Self-Ask
The model asks itself follow-up questions until it can answer the original.
Intent & Description
🎯 Intent
Have the model identify what it needs to know to answer a question, ask those sub-questions, answer them (via retrieval or generation), and compose the final answer from resolved sub-answers.
📋 Context
Multi-hop questions require chaining facts that aren’t co-located in the model’s weights or retrieved context. Asking the full question cold forces the model to guess the chain. Self-Ask makes the chain explicit and checkable.
💡 Solution
Prompt with a format like: “Are follow-up questions needed? [Yes/No]. Follow-up: [sub-question]. Intermediate answer: [answer]. … Final answer: [answer].” The model self-generates the question-answer chain. Optionally intercept “Follow-up:” lines and route them to a search tool or retrieval system for grounded answers. See also: ReAct, least-to-most-prompting, chain-of-thought.
Real-world Use Case
- Multi-hop QA (who is the CEO of the company that makes X?).
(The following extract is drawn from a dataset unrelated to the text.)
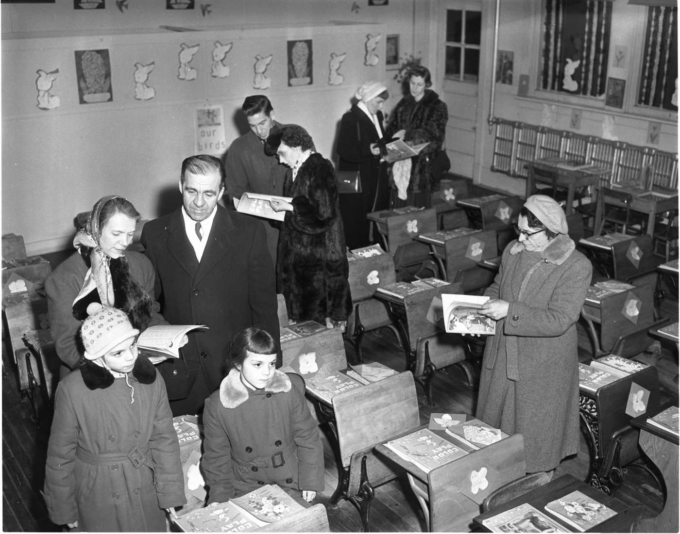 Parent teacher night at Sacred Heart Separate School on March 8th. Looking over papers in the Grade 1 room are parents Mr. & Mrs. Arthur Montgrain, 108 Gloucester Street (now 300 Gloucester Street) and daughters Mary Lou, 6, and Carol a grade 3 pupil.

- Research tasks where the model needs to gather sub-facts before synthesizing.
- Any pipeline where combining self-ask with retrieval dramatically improves grounding.
Source
📌 TL;DR
Before answering, ask yourself what you need to know — then answer those questions first.
Advantages
- Makes reasoning gaps explicit — you can see exactly what the model doesn’t know.
- Sub-questions are natural retrieval queries — easy to hook into search tools.
- Outperforms standard CoT on multi-hop benchmarks.
Disadvantages
- Self-generated sub-questions can be wrong or irrelevant — garbage in, garbage out.
- Adds latency proportional to the number of follow-ups generated.
- Without retrieval, the model just answers its own questions from weights — limited grounding.